When ions decay from a higher energy state to a lower energy state, the lost energy is emitted as a photon. Photons are something we can measure. In our example, both of our computational basis states are in S1/2. We can make the ions fluoresce by hitting them with a laser with the appropriate wavelength to drive transitions between P1/2 and S1/2. The laser drives transitions in both directions, so if we keep the laser on, the ions will continuously swap between P1/2 and S1/2, emitting photons when they move from the higher energy state to the lower.
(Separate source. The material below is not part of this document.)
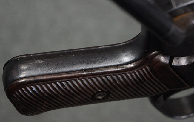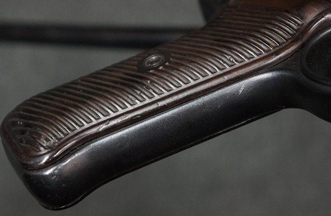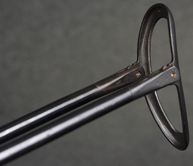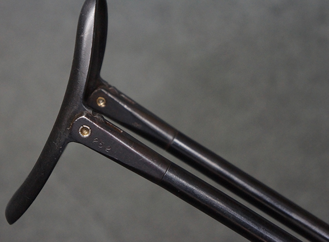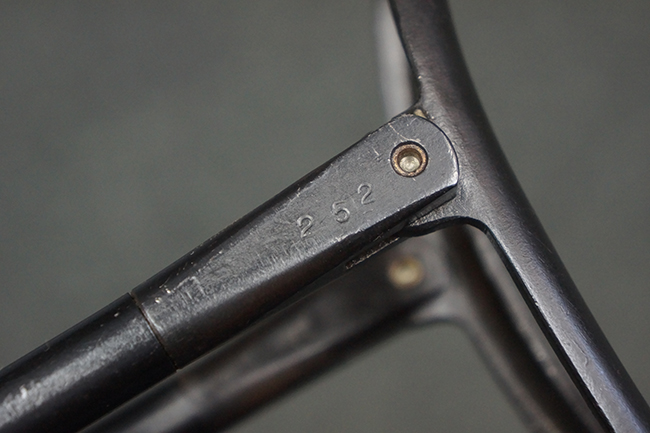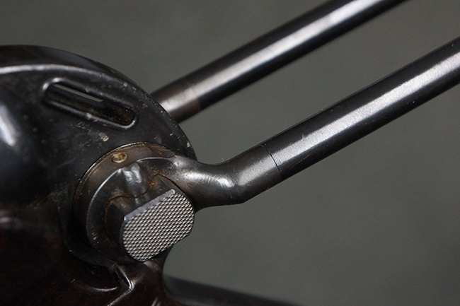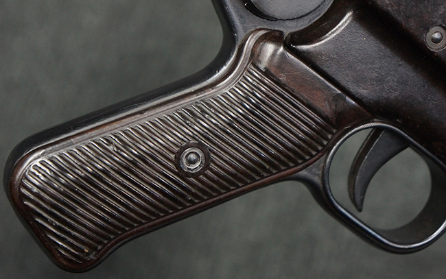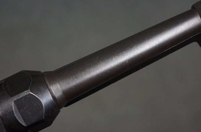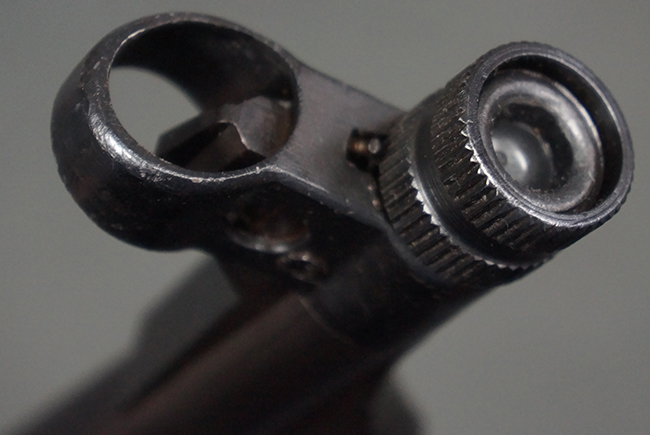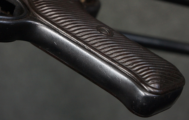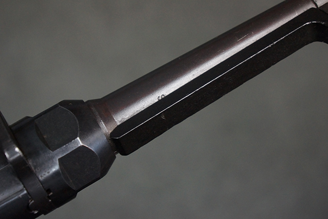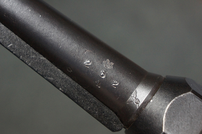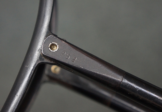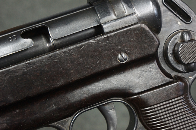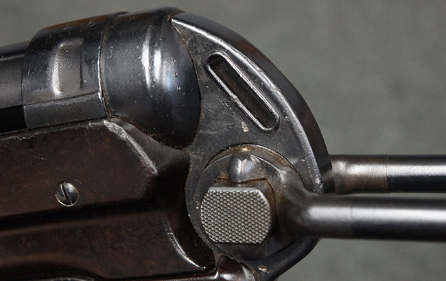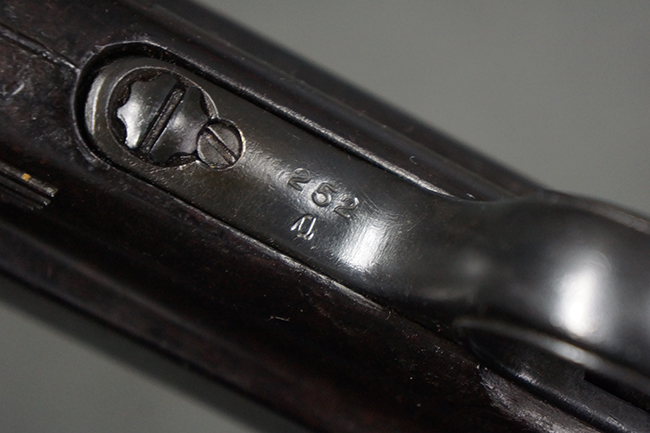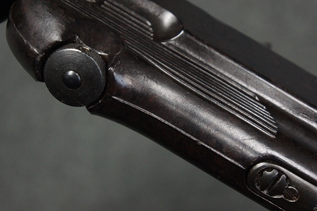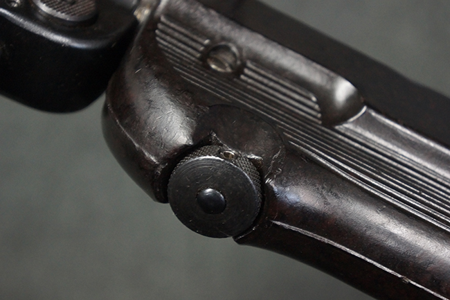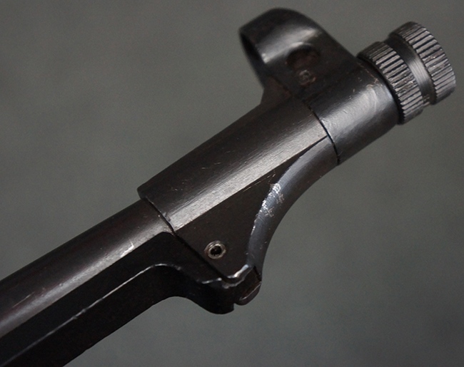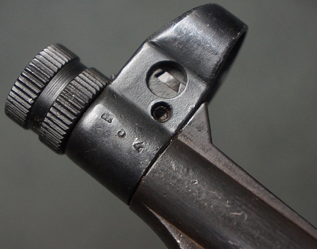 本品のレシーバー・エンド・キャップ上面には「MP40」のモデル名及び1942年ステアー社製を示す「bnz. 42」の刻印が入っています。 マガジン・ハウジングは両面に5本の強化リブが追加されたタイプとなっています。 シリアルNo.はアッパー・レシーバー、銃身、リア・サイト、ロア・レシーバー、グリップ・フレーム、折り畳みストックが252でマッチしており、フロント・サイト・ガードが54、リコイル・スプリング・チューブが942となっています。 グリップ・フレームは下部の溶接がない一体成形でトリガー・ガードは従来と同様のタイプ、マズル・リングは後期型の中央に溝のあるH型、バレル・ナットは六角型のタイプ、バレル・レストは樹脂製となっており、コッキング・ハンドルは1942年半ば以降に本格的に導入されたボルト・セーフティ機能を備えた2ピース・タイプが装備されています。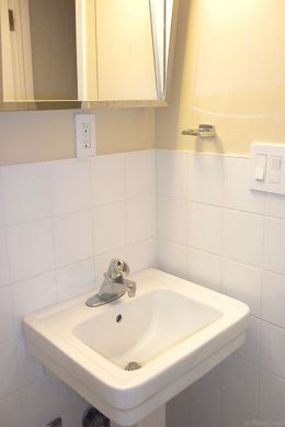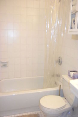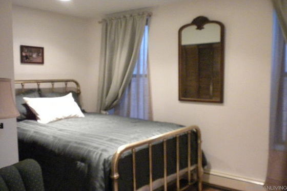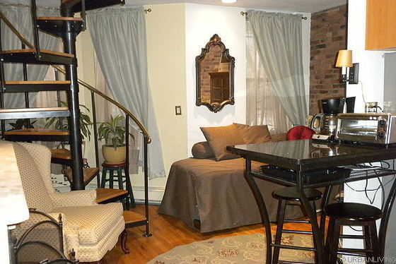 The entrance door opens up into a living room with hardwood floors which features a single size pull out bed, a coffee table, cable TV, wireless Internet. There are 3 windows facing the street.

However, because both of our computational bases are in S1/2, we won't be able to differentiate between measuring a 0 and a 1! The properties of this transition are such that it's not feasible to have a laser that could select one of our two states within S1/2. Luckily, the transitions between S1/2 and D5/2 can be driven selectively. So, prior to measurement we "shelve" by mapping one of our bases only to an excitation state in D5/2. Measurement is then done when inducing fluorescence: this is when we get a final 0 or 1 measurement out from each qubit. The ions will be in a superposition of a state in S1/2 and a state in D5/2. Some will be measured to have been in S1/2 (as these will fluoresce, which we measure as 1) and others will be in D5/2 (as these will not fluoresce, which we measure as 0).
The D5/2 is stable enough for us to keep the ions there until we've collected enough photons to make a measurement. We can tune our light detection to photons of the frequency that will be emitted by P1/2 -> S1/2 transitions, so that other spontaneous decay does not affect our measurements.
Will quantum computers replace classical computers?
Quantum computers are only well-suited to certain classes of problems, so I don't think it's likely that they'd replace classical computers. The goal is to enable solving of computational problems we can't solve today, not to solve the same problems with a new kind of computation.
Are quantum computers useful?
Not yet! Lol.
But hopefully they will one day enable us to do useful things we can't do today. The most exciting one for me is that quantum computers should enable more simulation of quantum mechanics, which in turn will enable better drug discovery.